For more detailed information, definitions, and procedures regarding insider trading, refer to the Company's Insider Trading Policy.
10. TECHNICAL INFORMATION
The Company shall disclose to the public the results of all exploration and development activity on the Company's projects in accordance with applicable securities laws, TSXV requirements (including Policy 3.3--- Timely Disclosure and Appendix F-Mining Standards Guidelines) and the applicable requirements of National Instrument 43-101 Standards of Disclosure for Mineral Projects, the Canadian Institute of Mining, Metallurgy and Petroleum ("CIM") Exploration Best Practices Guidelines and Estimation of Mineral Resources and Mineral Reserves Best Practice Guidelines.
11. PROVISION OF FORWARD-LOOKING INFORMATION
To help the investor community, the Company sometimes discloses forward-looking information. Where it does so, the Company shall ensure that prospective statements are clearly identified as forward looking and are accompanied by meaningful cautionary language identifying important factors that could cause actual results to differ materially from those projected in the statements.
12. CORRECTIONS
The Company shall immediately correct disclosure where it subsequently learns that the earlier disclosure contained a material error at the time it was given and the correction would constitute Material Information. The Disclosure Committee shall ensure that a news release is issued immediately to correct the error and that appropriate notifications are made to the TSXV so that a halt to trading may be instituted if necessary.
13. WEBSITE AND PRESENTATIONS
The Company shall post on its website all supplemental information provided by the Company to analysts, institutional investors and other market professionals, including fact sheets, slides of investor presentations and other materials distributed at analyst or industry presentations.

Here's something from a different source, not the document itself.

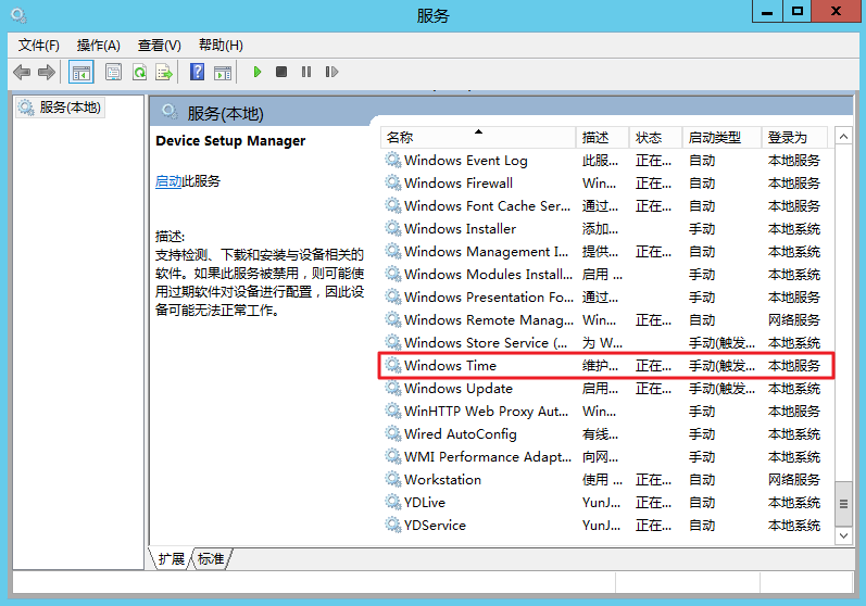 3. 在服务窗口中,双击打开 Windows Time。如下图所示: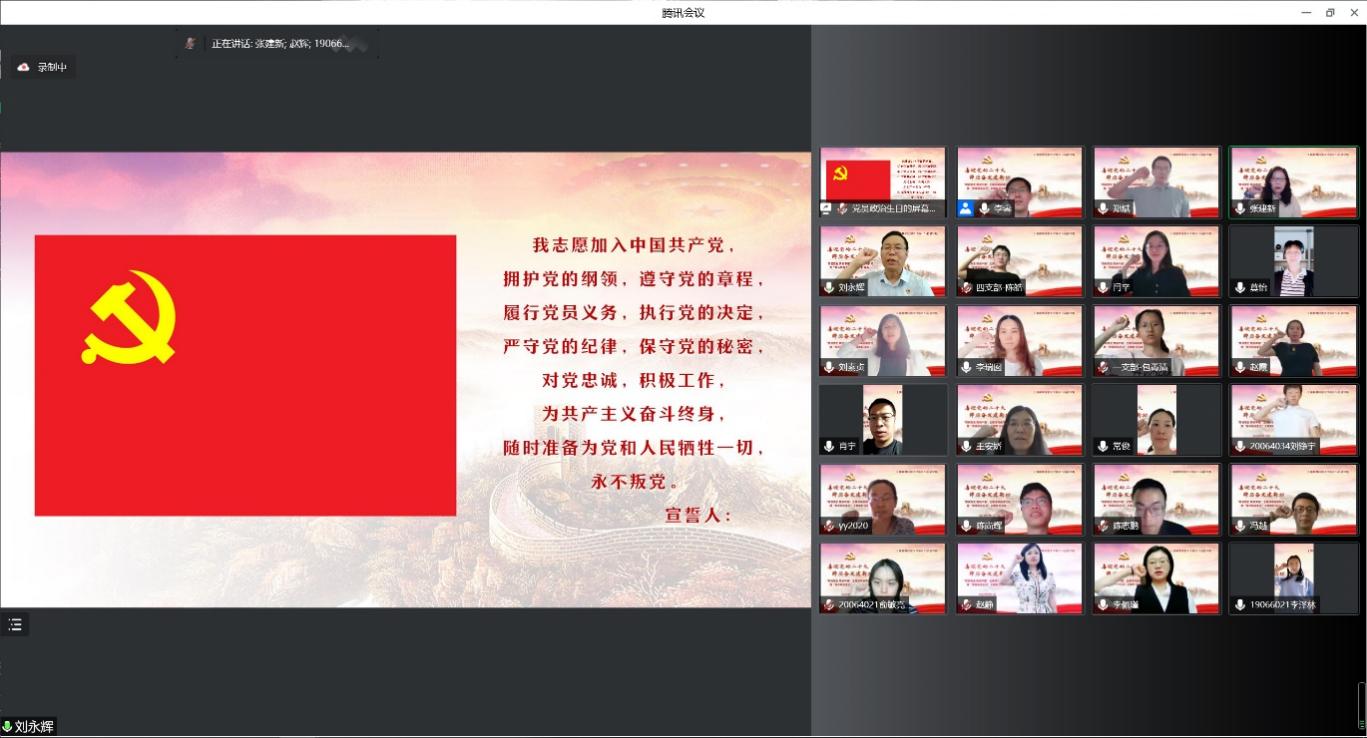 活动最后,统计与信息学院党委副书记、院长刘永辉领誓,全体与会党员在云端重温入党誓词。师生们纷纷表示,本次主题活动形式鲜活、内容深刻、收获满满,将进一步深入学习贯彻上海市第十二次党代会精神,认真学党史、知党史、用党史,弘扬伟大建党精神,牢记嘱托、砥砺奋进,在学习工作生活中争当排头兵和先行者,为学院和学校事业发展贡献智慧和力量,以优异的成绩迎接党的二十大胜利召开。

Any new documents or information items to be added to the Company's website will be referred to the Disclosure Committee for review before being posted or made public. The Company shall ensure that the website is up-to-date and accurate.
14. CHAT ROOMS, BULLETIN BOARDS AND EMAILS
Company directors, officers and employees are prohibited from discussing corporate matters in Internet chat rooms or bulletin boards. Any director, officer or employee discovering discussion about the Company on the Internet shall report that fact to a member of the Disclosure Committee.
When responding to emails received through the Company website, the person responding should be mindful of the risk of selective disclosure of material Information, and if in doubt, refer the email correspondence to a member of the Disclosure Committee for appropriate response.
15. RUMOURS
The Company will not comment, affirmatively or negatively, on rumours, including those rumours disseminated on the Internet. The Company's spokespersons will respond consistently to those rumours, saying "It is our policy not to comment on market rumours or speculation." If a stock exchange or securities regulatory authority requests the Company to make a statement in response to a market rumour, the Disclosure Committee will consider the matter and decide whether to issue a press release. If the rumour is true in whole or in part, this may be evidence of a leak, and the Company will immediately issue a news release disclosing the relevant material information.
16. DEALING WITH REGULATORS
The CEO, CFO and Corporate Secretary will be responsible for receiving inquiries from the IIROC with respect to unusual trading activity or market rumours.
17. DEALING WITH THE INVESTMENT COMMUNITY
General
In communicating with investment analysts, security holders, potential investors and the media, the following practices must be avoided:
• Announcing material information that has not been previously announced in a news release;
• Selective disclosure;
• Distribution of investment analyst reports; and
• Commenting on unreleased technical information or current period earnings estimates and financial assumptions other than those already publicly disclosed.
Conference Calls and Webcasts
The Company may hold investor conference calls with investment analysts and other interested parties as soon as practicable (usually within one business day) after the release of quarterly financial results or significant technical or other material news. Media are invited to listen to investor conference calls and investors are able to listen to media conference calls. Conference calls may also be held following announcements of material information and events. The Company will issue a news release containing all relevant material information prior to all conference calls.
Analyst Meetings
The Company's executives may meet with analysts and portfolio managers on an individual or small group basis, as required, and initiate or respond to analyst and investor calls in a timely manner. The executive attending such meetings shall keep detailed records and/or transcripts of all meetings, and ensure that selective disclosure material information does not occur and to allow follow-up cross-briefing with other Spokespersons to ensure that communication is consistent amongst all Spokespersons.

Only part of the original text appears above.